Result: The data sets are differnt: the distribution of ar.dat is closer to a Gaussian (and converges to a Gaussian for longer time series, try plot '< ar-run -l100000 amplitude.dat.ar | histogram' ).

- Compute the auto-correlation functions and the power
spectra (by either mem_spec or
spectrum) of both of them:

corr amplitude.dat -D500 -o

corr ar.dat -D500 -o

set data style lines

plot 'ar.dat.cor','amplitude.dat.cor'

spectrum amplitude.dat -o

spectrum ar.dat -o

set logscale y

plot 'amplitude.dat_sp','ar.dat_sp'

Result: The AR-data contain the same temporal correlations, but they decay much faster than in amplitude.dat.

The spectra have to be compared with both linear and logarithmic y-scale. The frequency around 0.03 is dominant in both data sets, the harmonics of that visible in amplitude.dat_sp are suppressed in ar.dat_sp. This reflects that the AR-model contains the relevant time scales, but has shortcomings in a quantitative comparison. However, these are not too dramatic when only viewed with second order statistics. The differences will be more evident in the higher order correlations and other nonlinear concepts.

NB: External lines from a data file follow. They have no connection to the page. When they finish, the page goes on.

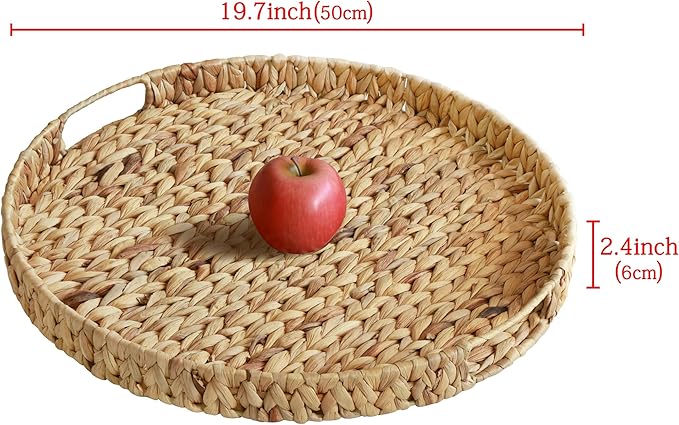 - HIGH QUALITY - Our extra large woven water hyacinth serving tray is crafted from water hyacinth over a sturdy iron frame. Not only functional but also serves as a decorative piece that adds a touch of natural elegance and a connection to nature. With handles for easy carrying and serving
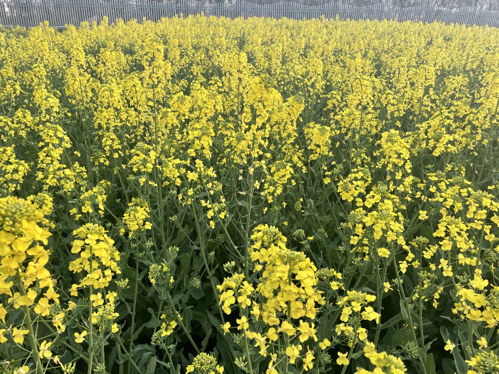 透视围墙外,油菜花开一地金。
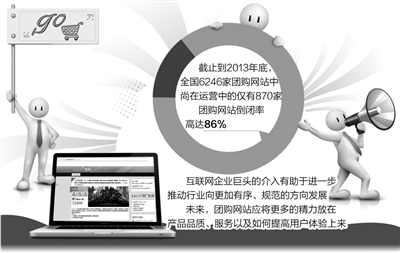 中国电子商务研究中心日前发布统计数据显示,截止到2013年底,全国共诞生团购网站6246家,目前尚在运营中的有870家。团购网站关闭数量累计达5376家,倒闭率高达86%。经过“千团大战”生存下来的网站,像糯米、大众点评、美团等,无一不是在百度、腾讯、阿里巴巴等“干爹”的支撑下“死磕”。
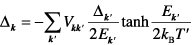 wobei Vkk' das Paarpotential beschreibt. Beruht dieses auf dem Elektron-Phonon-Mechanismus der Supraleitung, so kann es in erster Näherung als konstant Vkk' = – V in einer Kugelschale der energetischen Dicke (
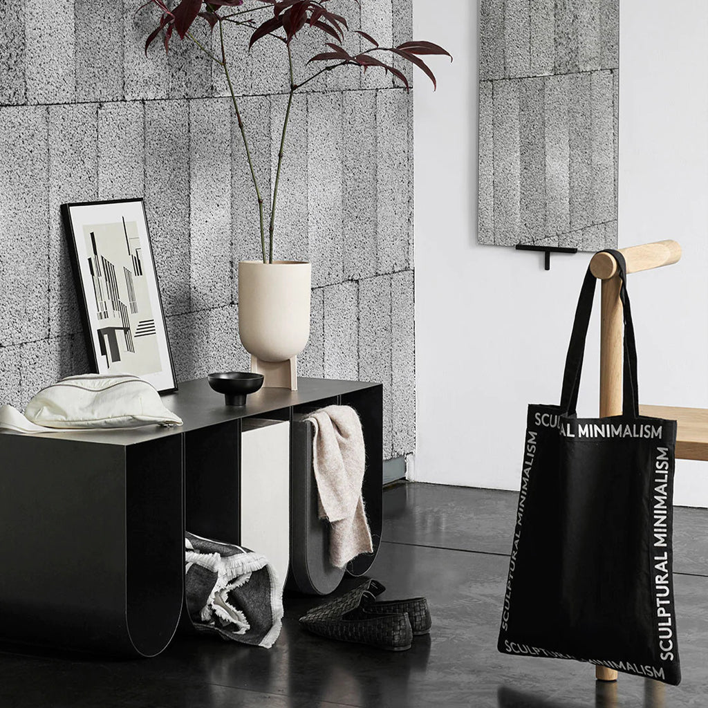 The Kristina Dam totebag is made of 100% cotton canvas and printed on its side is the Kristina Dam Studio tagline: Sculptural Minimalism. A fashionable canvas bag for everyday use.
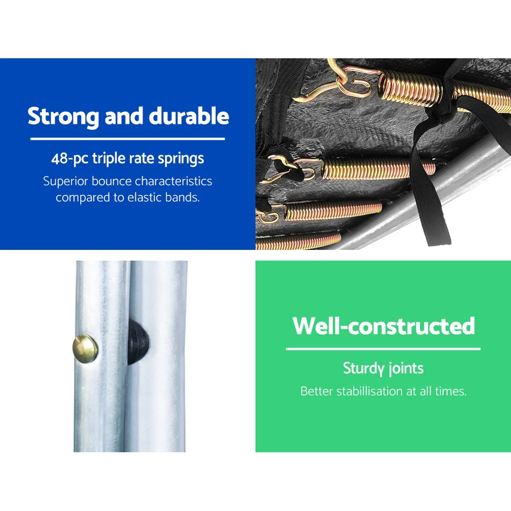 Introduce your kids to endless fun and exercise with the Everfit 8FT Trampoline for Kids. Designed for safety and durability, this trampoline features 48-piece triple rate springs for superior bounce and a heavy-gauge steel framework that’s UV-tested for quality. The trampoline boasts a curve design for added stability, a 20mm thick anti-graze mat, and enclosed safety netting with a double-lock zip-and-clip entry. Ideal for children over 6, it’s engineered for robust play with rust-proof marine-grade galvanisation and a wide UV-stabilised spring skirt. Encourage active play with this vibrant orange trampoline today!
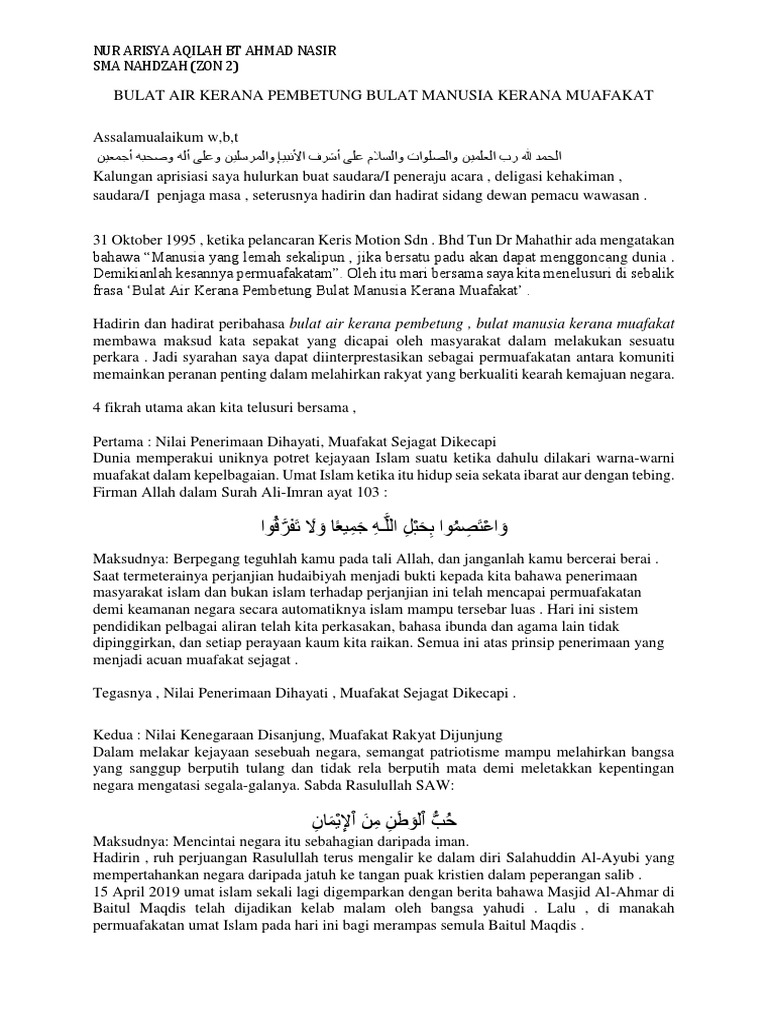 Sediakan teks syarahan tersebut dengan lengkap. BULAT AIR KERANA PEMBENTUNG BULAT KITA KERANA MUAFAKAT Assalamualaikum dan salam muafakat 1. Ms 99 spm 2017 24.
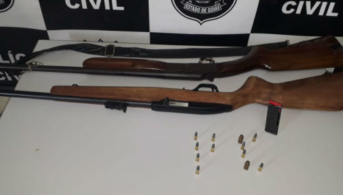 Durante as diligências, foram apreendidas em poder do suspeito L. E. C. R., de 68 anos de idade, duas espingardas, sendo uma CBC calibre .22 e uma tipo cartucheira calibre .36, além de 12 munições.
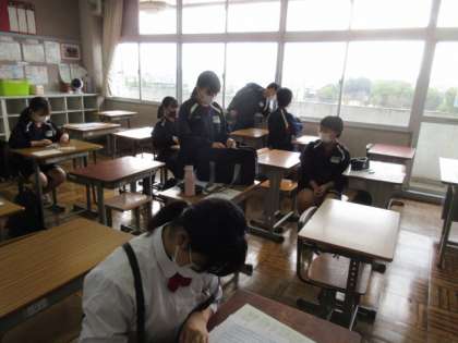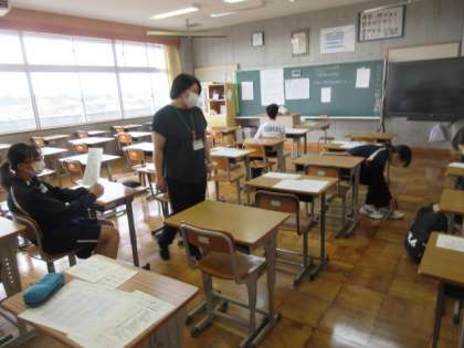 密を避けて〜3年生実力テスト 公開日 2021/09/22 更新日 2021/09/22 授業の様子 密を避けるべく,出席番号でクラスを半分に分け,前半が自クラスで,後半が2年生のクラスでテストを受けます。席も一つおきと離れています。
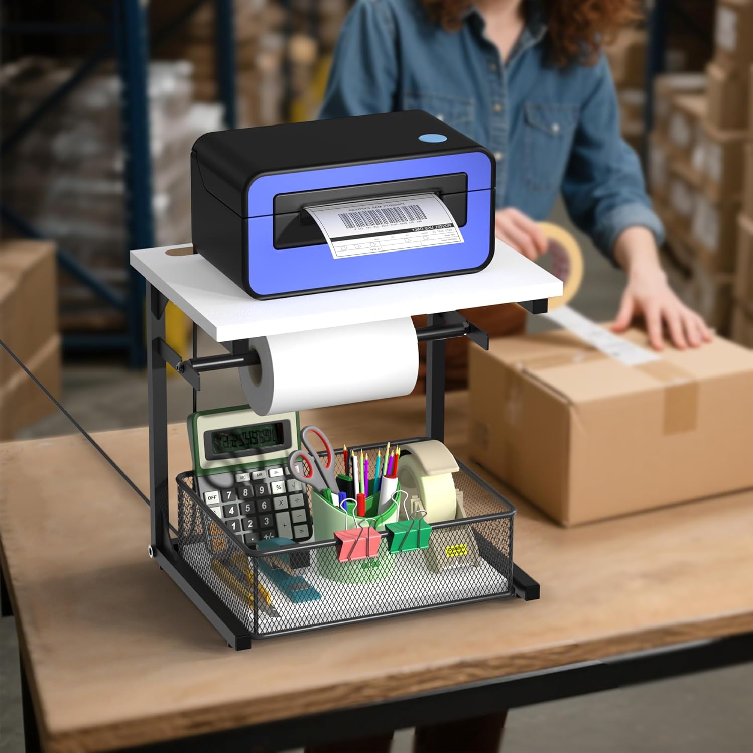 - ALL-IN-ONE DESIGN: Our label roll holder accommodates both thermal label printers and label rolls. The top shelf has holes on both sides to neatly hide the power cord. The bottom drawer is designed to be flexible, not only for storing printed labels, pens and other small items, but also for being pulled out and used individually as a desktop organizer for small office items
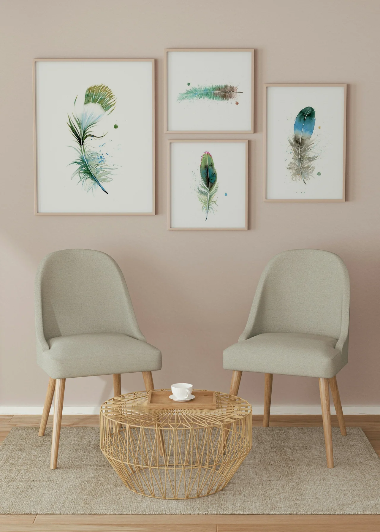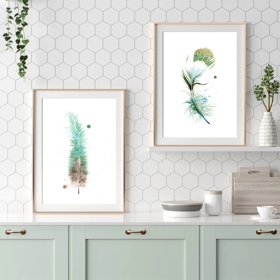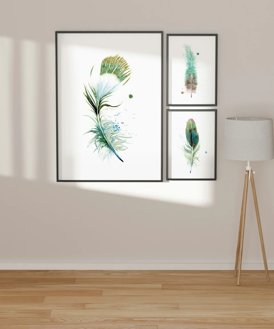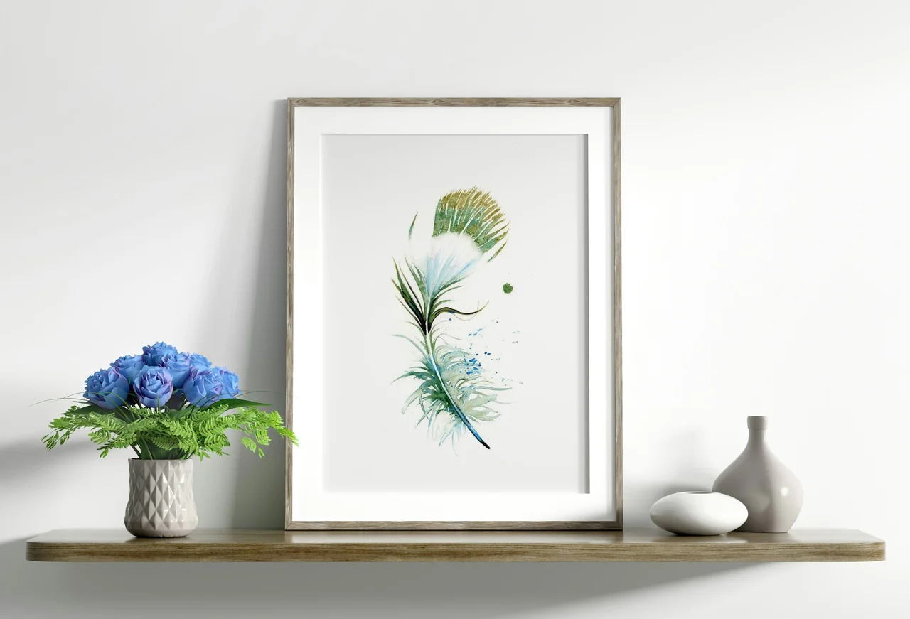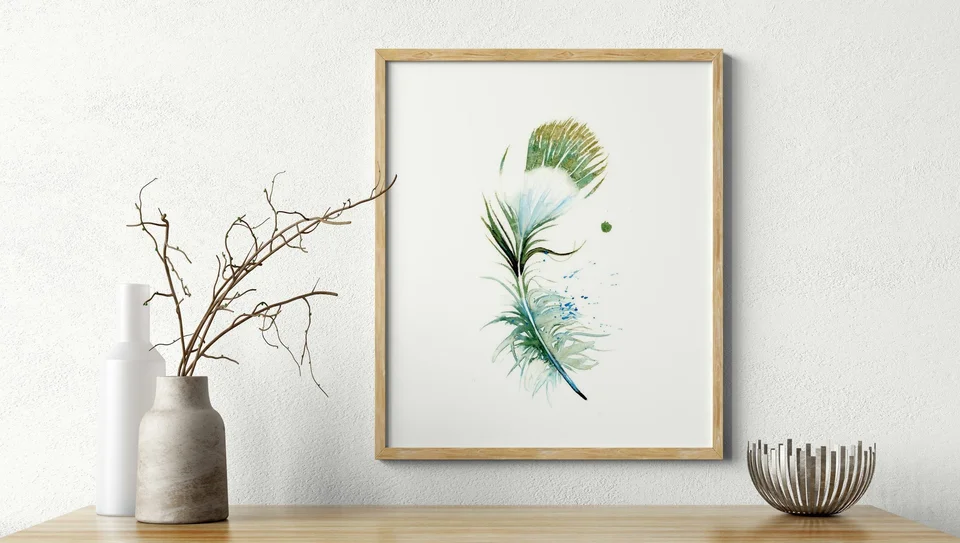 In this painting, I used soft greens and blues to create a gentle, calming effect, with delicate transitions that flow seamlessly from one hue to the next. The feather's form is defined by light, airy brushstrokes, and the subtle splatters… read more
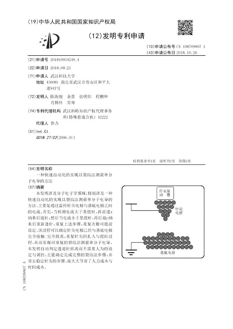 本发明涉及分子电子学领域,特别涉及一种快速自动化的实现以裂结法测量单分子电导的方法。主要是通过监控针尖电极与基底电极之间的电流。首先,当检测电流大于某值时,再前进x纳米后退针,然后当电流小于某值时,再后退y纳米后重新进针,重复上述步骤,重复次数可提前设定。该过程可以确定针尖电极已经与基底电极完全接触/完全脱离,重复针尖的扎入与提拉过程,从而实现可重复的裂结法测量单分子电导,本发明自动判定进退针距离而不需要人为的设定与调控,且能确定完成完整的裂结法步骤,并省去稳定针尖的步骤,故大大节省了人力成本与时间成本。
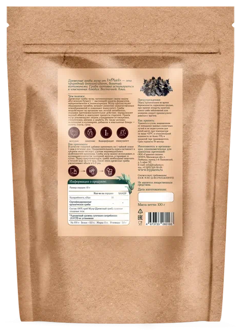 Муэр от ByPlants — это настоящий грибной деликатес, который подходит для здорового и диетического питания. Является самым распространенным грибом восточных блюд.
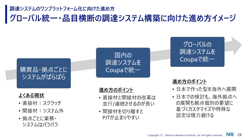まず、直接材と間接材、あるいは拠点ごとに業務やシステムがバラバラな現状から、国内の調達システムをCoupaで統一します。このとき「間接材を切り離すとプロジェクトが止まりがちになるため、直接材と間接材の改革は並行または連続させるのがよい」と田畑氏。
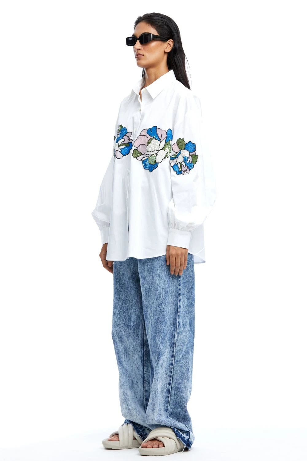 Elevate your style with this Hand-Embellished Shirt. Crafted with precision, this shirt merges elegance and artistry, reflecting a sophisticated charm that’s perfect for any occasion.
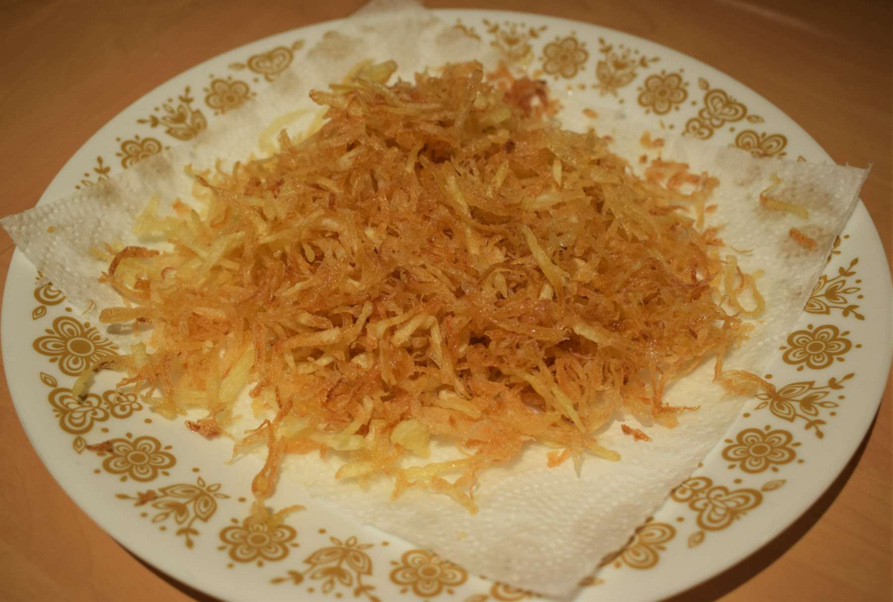 - Take a kitchen tissue lined plate and transfer the jhuri aloo bhaja on it. The kitchen tissue will absorb the excess oil.

- Repeat the exercise starting from the ar-data you generated (file
ar.dat). You should observe that fitting an ar-model to ar-data will
yield residuals with a gaussian distribution, and that the
histograms, auto-correlation
functions and power spectra of the model data are identical to those
of the input data, if the order of the fit ( -p) is not smaller than the order of the model by
which the data were produced.

- Visualize both amplitude.dat and ar.dat in a delay embedding (do
not forget to
reset the gnuplot, e.g., set nologs), using
delay :

Start with -d1 and increase it, at least up to 50. What is optimal by a) visual impression, and what should be optimal when b) considering the auto-correlation function?

**Answers:**

amplitude.dat: a) About 8, when unfolding is good but overlap is still small. b) about 8: the first zero of the autocorrelation function would be optimal for a harmonic, periodic signal embedded in 2 dimensions.

ar.dat: a) for delay 8, the shape of the blob of lines comes close to circular, hence indicating sufficient decorrelation of the components of the delay vectors. b) The auto-correlation function yields about the same as for amplitude.dat.

- compute the false nearest neighbour statistics
(false_nearest):

false_nearest amplitude.dat -M8 -d8 -o -t200 -f5

Study the output, amplitude.dat.fnn, and observe the invariance of the result (namely that the embedding dimension 3 is insufficient but 4 is o.k.) under change of the time lag.

- Use the zeorth-order predictor
(zeroth)
on amplitude.dat and on ar.dat.

zeroth amplitude.dat -m1,4 -d8 -o -s250

zeroth ar.dat -m1,4 -d8 -o -s250

plot [][0:1.5] 'amplitude.dat.zer','ar.dat.zer',.05*exp(.02*x)

You should be able to verify the following observations:

For increasing prediction horizion, the prediction errors of amplitude.dat show two regimes: Exponential increase of the error due to chaos (the regime of nonlinear deterministic dynamics), slow linear increase due to loss of phase locking (the regime of linear correlations due to the rather constant period of the oscillations), constant when the predictions lose all correlations to the actual values (limit of unpredictability for a large prediction horizon of more time steps than can be computed with this data set, the relative prediction error saturates at 1. In order to arrive a prediction horizons larger than one half of the data set, you must switch off the causality window by the -C0 option in zeroth).

No succesful prediction for ar.dat beyond the linear correlations. Since ar.dat is a linear stochastic data set, it does not contain phase space information.